Sailing the Solar System
People think it s cool that I’m working on a proposal for a major new NASA Venus mission. But when they ask when it will launch and I answer, “If we’re lucky, perhaps around 2020,” they suddenly appear less enthusiastic, like I’m describing a crazy pipe dream.
Maybe you have to be a little bit crazy to do this for a living. At the very least, you need to be comfortable with delayed gratification. Interplanetary spacecraft take a lot of time and work before any metal is cut, and most of them go nowhere. We spend years designing, proposing, and planning missions that never get selected for funding and so never make it anywhere near a launch pad.
Because there is no wiggle room in planetary orbits, these projects, once selected, cannot slip schedule without consequence. There is precious little chance of fixing any mistake discovered after launch. If you make it to launch, you get to enjoy moments of intense anxiety as something you’ve poured years of your life into sits on the pad on a stack of rockets loaded with enough fuel to blow it into shrapnel.
At a time when jet travel has shrunk our home planet to within a day’s travel time, planetary exploration requires timescales, and levels of patience, more characteristic of an earlier era of oceanic exploration.
Charles Darwin was the naturalist on board the HMS Beagle from 1831 to 1836. His 5-year mission was to explore the strange new worlds of South America and the Pacific, seeking out and cataloguing new life. His discoveries and insights on this voyage repositioned humanity within the web of life on Earth. Now, less than two centuries later, we’re exploring other planets, searching for other sites of Darwinian evolution.
Cassini, the crown jewel of NASA’s current interplanetary fleet, took 7 years after a 1997 launch to reach the Saturn system. The timescales required for sailing ships to cross tens of thousands of miles of ocean in Darwin’s day, and for unmanned spaceships to cross hundreds of millions of miles of interplanetary space today, are similar.
Long voyages across empty seas were often punctuated by brief stays in exotic new places. Today, after the adrenaline rush of launch comes the long, lonely interplanetary cruise – only a year or so for the inner planets but a great deal longer for the outer planets – sometimes briefly broken by an exciting encounter with a planet or asteroid. No wonder that some of our interplanetary spacecraft are named Mariner, Viking, Magellan, and Beagle.

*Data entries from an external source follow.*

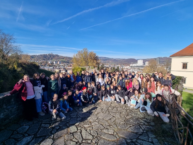 Am Nachmittag stand eine Stadtrallye auf dem Programm. In kleinen Gruppen erkundeten die Schülerinnen und Schüler selbstständig die Innenstadt und beschäftigten sich dabei mit den wichtigsten Sehenswürdigkeiten. Anschließend führte ein gemeinsamer Spaziergang auf den Schlossberg – von dort bot sich ein wunderschöner Blick über die Stadt Linz.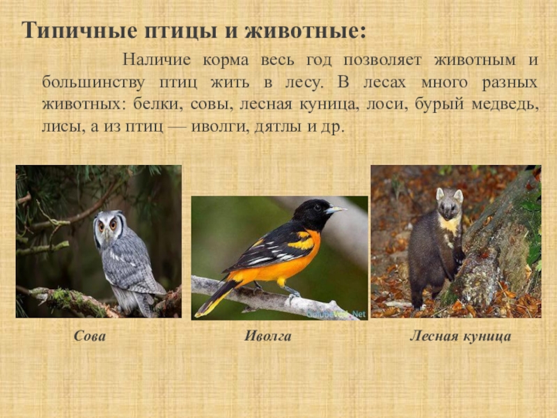 год позволяет животным и большинству птиц жить в лесу. В лесах много разных животных: белки, совы, лесная куница, лоси, бурый медведь, лисы, а из птиц — иволги, дятлы и др.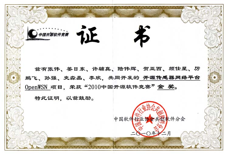 由中国软件行业协会下属共创软件分会(共创软件联盟)主办,以“挖掘人才 推动创新”为主题的“2010第四届中国开源软件竞赛”结果日前正式公布。开云官网控制系张伟老师负责设计指导,学生姜日东、许辅真、陆伟辉、贺亚西、颜仕星、厉鹏飞、孙强、史淼晶和李欣参与创作的送赛作品“开源传感器网络平台OpenWSN”软件,以第1名的成绩获得大赛唯一的金奖。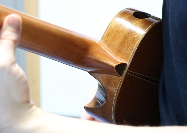 Tył korpusu jest uwypuklony co daje więcej przestrzeni w pudle na rezonowanie dźwięku.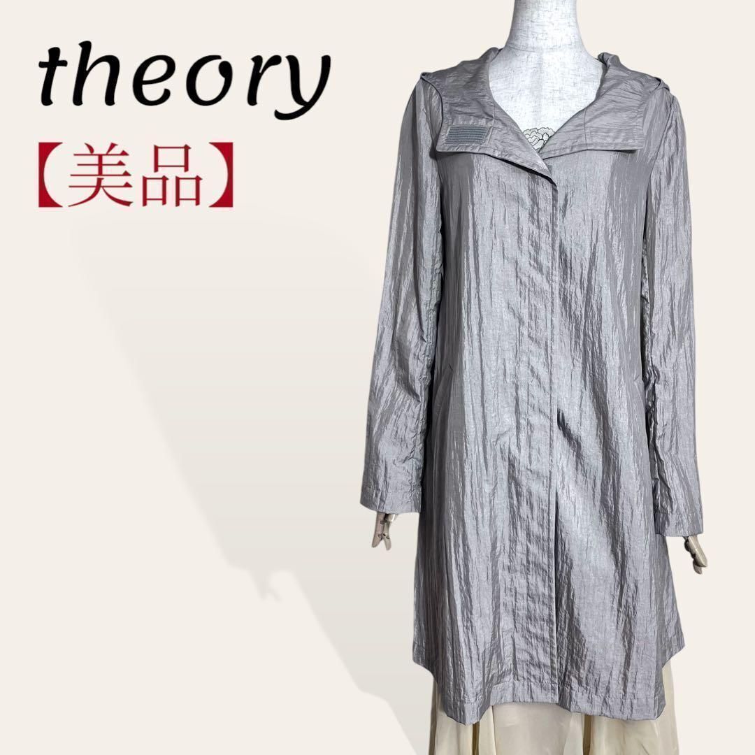 > 美品 セオリー Theory グレージュ しわ加工 フーデッド ロングナイロンジャケット S レディース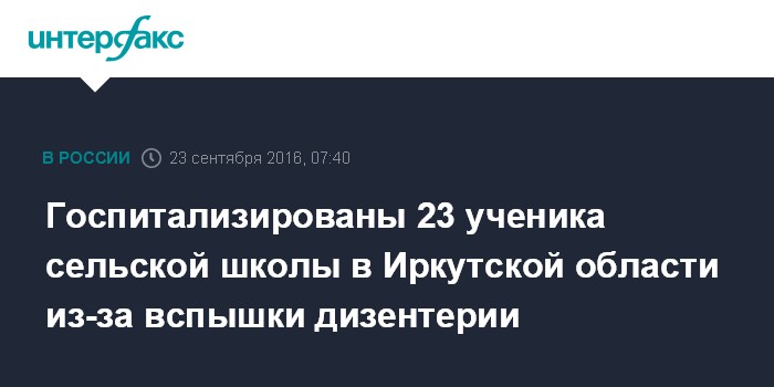 Москва. 23 сентября. INTERFAX.RU - Врачи госпитализировали 25 человек после вспышки дизентерии в Улейской средней школе в Осинском районе Иркутской области, сообщили агентству "Интерфакс" в пятницу в региональном министерстве здравоохранения.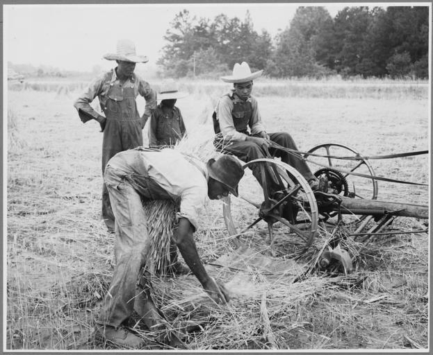 | Keywords: Harmony Community, Putnam County, Georgia.... Binders are not uncommon on large farms, but those who . . . - NARA - 521328.jpg Scope and content Full caption reads as follows Harmony Community Putnam County Georgia Binders are not uncommon on large farms but those who can handle all their small grains by hand continue to do so These African-American tenants have made a sort of mechanical cradle out of an old mowing machine with a piece of corrugated iron rigged behind the cutter bar to catch the fallen stalks One man walks along side with a stick and sweeps the standing grain back over the cutter while two others pick it out of the tin cradle and bind it General notes 521328 Local identifier 83-G-41015 Department of Agriculture Bureau of Agricultural Economics Division of Economic Information ca 1922 - ca 1953 NARA-Author Rusinow Irving Photographer 5307166 <br /> Still Picture Records Section Special Media Archives Services Division NWCS-S National Archives at College Park 8601 Adelphi Road College Park MD 20740-6001 1941 05 28 - 1941 06 01 Record group Record Group 83 Records of the Bureau of Agricultural Economics 1876 - 1959 Record group ARC 412 Photographic Prints Documenting Programs and Activities of the Bureau of Agricultural Economics and Predecessor Agencies compiled ca 1922 - ca 1947 documenting the period ca 1911 - ca 1947 Series ARC 521048 File unit File unit ARC Variant control numbers NAIL Control Number NWDNS-83-G-41015 Other versions <gallery> File Harmony_Community _Putnam_County _Georgia _Binders_are_not_uncommon_on_large_farms _but_those_who_ _ _ _-_NARA_-_521328 tif tif File Harmony_Community _Putnam_County _Georgia _Binders_are_not_uncommon_on_large_farms _but_those_who_ _ _ _-_NARA_-_521328 jpg jpg </gallery> NARA-cooperation PD-USGov Irving Rusinow Putnam County Georgia |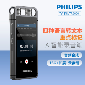 飞利浦(PHILIPS)VTR9000 16G AI智能录音笔 终身免费转文本 录写同步 WIFI 翻译 云空间储存 |

We desktop explorers don’t have to leave home for years and wonder if we’ll ever see our loved ones again. But there is real risk involved, and sacrifice. People put significant fractions of their lives into missions that might, or might not, return data while they’re still alive. Even when things seem like they’re going right, we can still experience a catastrophic failure at any moment.

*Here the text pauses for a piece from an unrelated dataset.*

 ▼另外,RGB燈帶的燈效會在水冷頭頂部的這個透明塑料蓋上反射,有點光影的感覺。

The payoff during the long years of proposing and planning is that we still get to do work that is mostly fun and interesting and enjoy being part of a community committed to exploration. And we do not endure harrowing storms, high seas, and years of isolation. Even on days when I put in long hours in meetings, telecons, report writing, calculating, and consultation, I can still go home, sit on the couch, watch Star Trek re-runs, and dream of future planetary encounters.